To digress ever so slightly, because I think this next point applies to a range of topics; if we don’t afford people the chance to grow and learn from past mistakes, how do we think we will be able to evolve together as a society? Forever divided? And I don’t mean those who have a reputation of vomiting out terrible bigoted views. But the person whose innocuous tweets are dug up from a decade or so ago when their views were shaped by much less life experience. This trend that is only really prevalent online, to act as judge, jury and executioner, declaring people ‘problematic’ – a word that is so overused – over something that can be easily resolved is just not helpful. It divides us further. I tweeted this the other day, and I stand by it: “Some people want to be so right on dude and critique everything to within an inch of its life that they end up doing damage to the cause they are supposedly so passionate about.”

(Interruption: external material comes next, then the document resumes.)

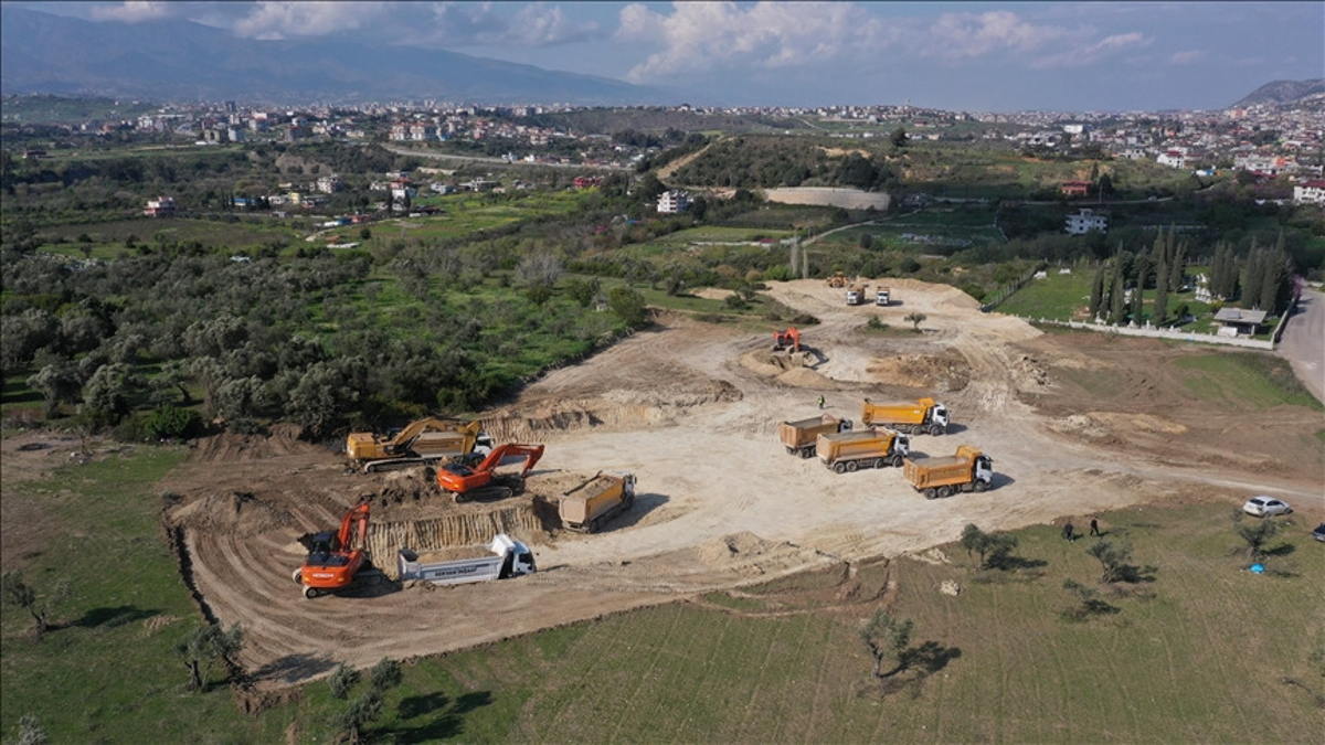 "Asrın felaketi" olarak nitelenen 6 Şubat'taki Kahramanmaraş merkezli depremlerde büyük hasar gören Defne ilçesi Bostancık Mahallesi'nde yapılacak hastanenin inşası için çok sayıda iş makinesi 24 saat esasına göre çalışıyor.

I’ve come to believe this more and more of late. The more I use Twitter, in fact. A platform I really enjoy using. Which is… problematic.

Back to the fear of sex…

Like any kind of fear, I guess the best way to overcome it is to understand and embrace it. Pushing one’s boundaries ever so slightly to begin with, perhaps taking yourself somewhere you wouldn’t normally go. Maybe a sauna or sex club. That’s how I started.

“There was a lot that frightened me when I began my gay sex journey. Fear of the unknown. And plenty of judgement, too, because that had been drummed into me”

Also, I’m not saying that the idea of being vanilla completely is wrong, no way, no one has a right to dictate that. If it works for you AND you’ve got an open-mind it’s a win win situation. But I do think humans instinctively enjoy new thrills and adventure.

Eventually we all grow out of being fearful of monsters and vampires, instead embracing art that pushes us to the limit and tantalises our senses. In the same respect we really need to find a way to grow out of being ashamed to talk openly about sex, and tittering nervously when someone dares to bring it up. More sex please, even though we’re British!